I know this kinda stinks to my eye but what about yours?


----------



## Zora (Oct 21, 2009)

It looks really nice, the mini is pretty!


----------



## Champ (Oct 21, 2009)

I like it : )


----------



## Peggy Porter (Oct 22, 2009)

I really like most of it, but a few things don't "sit right". I don't like the sun in the corner; it looks too cartoonish. I think the sunlight on the water really goes well with your farm name, so just lose the sun! VBG! I would put the farm name and your location both in the same color; either yellow or purple looks good to me, but both is too distracting. If you have another photo of the horse that shows all of his leg, I'd like that a little better. I don't mean to sound picky; I think your idea is really great but just needs a little "tweaking". Of course, that's just my opinion, and I could be wrong!


----------



## MiLo Minis (Oct 22, 2009)

Logos are meant to be an instantly recognizable symbol of your business. They should work equally well in colour or black and white, large or small size as they will be used on everything from a business card (think tiny) or a billboard (HUGE) Of course we in the Miniature Horse industry are not likely to be taking out many billboards so that isn't a major concern here BUT a business card - for sure you are going to want one. Size this logo down so that it fits on a 3 1/2" x 2" card, put it in black and white - does it still work for you?

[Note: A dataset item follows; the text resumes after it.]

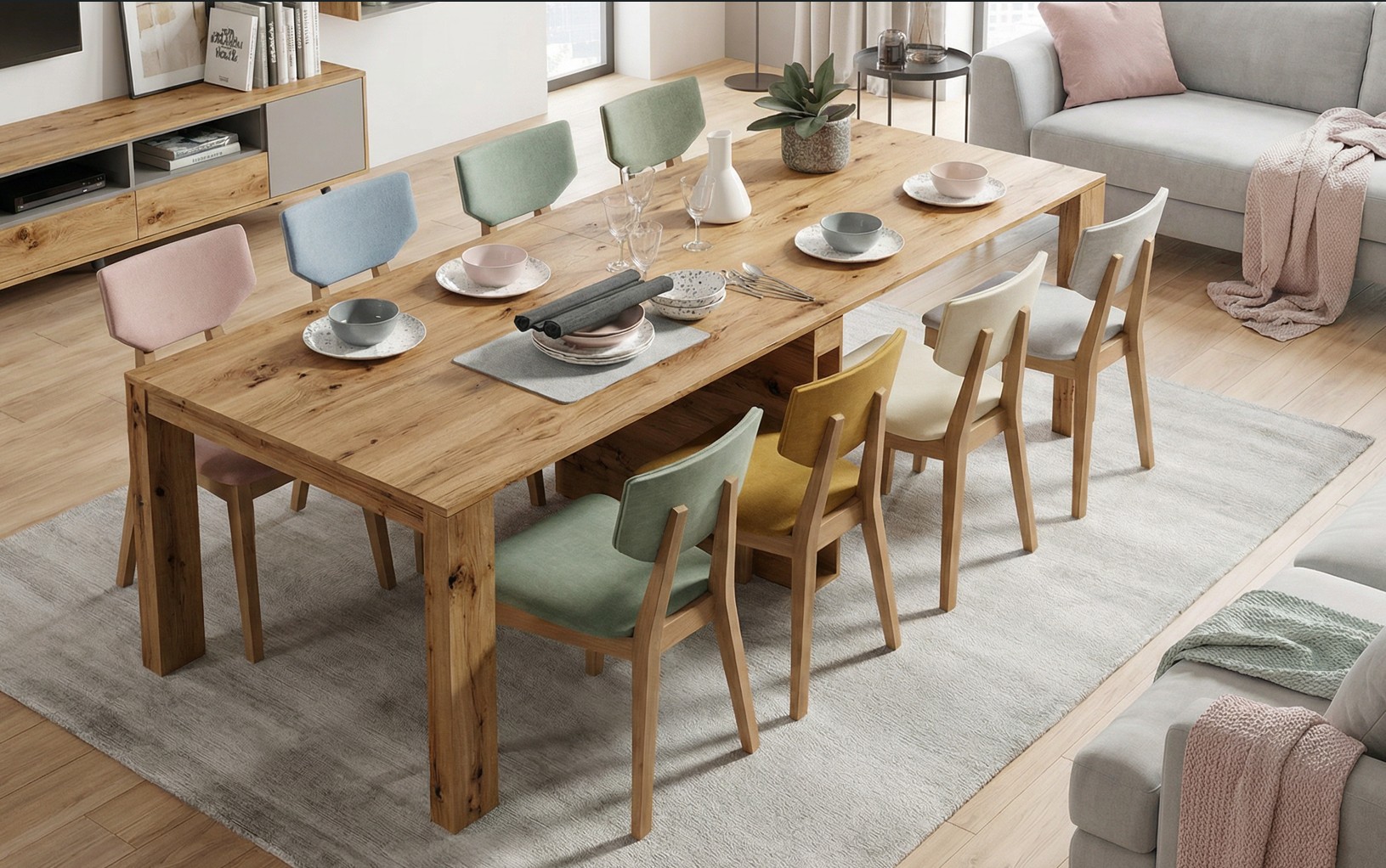 Incluye 4 tableros extensibles que se acoplan según la necesidad, permitiendo ampliar la mesa de forma rápida y sencilla. Es una solución ideal para pisos pequeños, salones o recibidores, combinando funcionalidad, diseño y ahorro de espacio.

I am going to disagree here with Peggy. The sun is the best part of this "logo". I have to assume that a cute cartoony sun speaks of you as you created it. It also goes well with your stable name. You could use it animated as you have here on a website. It would look fine in black and white and would also reduce in size well. I would not use the rest of it though for the same reasons in reverse.


----------



## Lucky-C-Acres-Minis (Oct 22, 2009)

I'm going to have to agree with Milo Minis.. It's just "too much" for a "logo"... For a logo you want simple, yet eye-catching.. I've done logos for SEVERAL members here (some of my favorites are Sample's Minis, Leanna's logo, Oak Park Miniatures, Victory Pass Stables and many more!), hopefully they'll see this post and share theirs

Here's the one for my graphic design:






Our farm (couldn't find the quick link on photobucket so stole link from another site which is why it's so small)

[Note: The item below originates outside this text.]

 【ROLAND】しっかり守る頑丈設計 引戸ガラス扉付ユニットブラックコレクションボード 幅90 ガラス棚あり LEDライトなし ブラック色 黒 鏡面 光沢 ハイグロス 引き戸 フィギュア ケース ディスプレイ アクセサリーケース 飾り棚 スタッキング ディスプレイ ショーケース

And here's a stallion logo for our herdsire:






Feel free to take a look at my logo portfolio, I don't have all of the ones I've done on there, but perhaps it'll give you an idea of what to look for in your logo..


----------



## markadoodle (Oct 22, 2009)

THANKS! and the owner of VPS is Jen shes a REALLY good friend-I LOVE HER logo. I will make one later and post it as updated to see if you like it better, thanks so much!


----------



## normajeanbaker (Oct 22, 2009)

Here is our logo that Lucky-C-Acres-Minis mentioned that she made for us.....which we LOVE. It's simple, yet classy and a simple enough design to easily get embroidered on sheets, blankets, etc. ~Jen~


----------



## markadoodle (Oct 22, 2009)

Of course I know yous jen...-Kay lol


----------



## markadoodle (Oct 22, 2009)

Here are 2 more i just did...

I HAVE NO CLUE WHY THEY BLINK!






AND






what ya think


----------



## maplegum (Oct 22, 2009)

You are getting there! The idea is there but I'd loose the blinking effect.

I would also 'tweak' the picture of the horse cause right now it kind of looks more like a cow?

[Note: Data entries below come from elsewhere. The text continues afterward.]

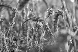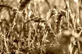 Blue cornflowers grow in a wheat field against a blue sky, close-up, selective focus.
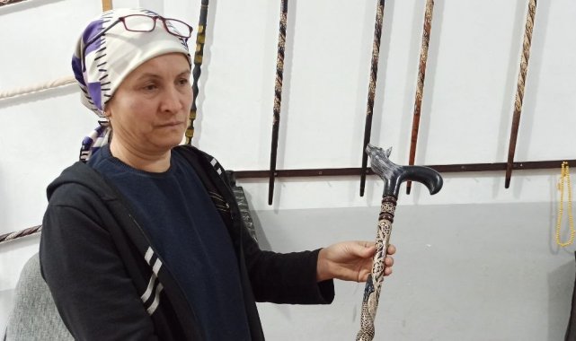 Devrek'te yaşayan Fatma Ayvacı, bir yandan evinin işlerini yürütürken diğer yandan atölyede kızılcık ağacına şekil veriyor. 2003 yılından bu yana eşine yardım ederken mesleği öğrenen ve ustalaşan Ayvacı, kadın elinin değdiği bastonların inceliklerini anlattı.
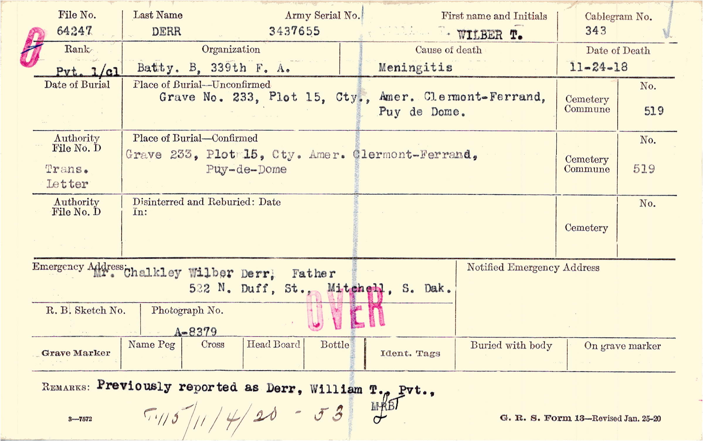 Grave No. 233, Plot 15, Cty., Amer. Clermont-Ferrand, Puy de Dome.

Keep working at it, practice makes perfect.


----------



## markadoodle (Oct 22, 2009)

How do you do that? I dont know why it blinks it just has an oppinion of its own i guess lol


----------



## markadoodle (Oct 22, 2009)

3 HOURS OF WORK


----------



## maplegum (Oct 22, 2009)

There you go! Aren't you proud of yourself! I have been working on logos and photo editing for some now time. it just takes practice, and more practice!


----------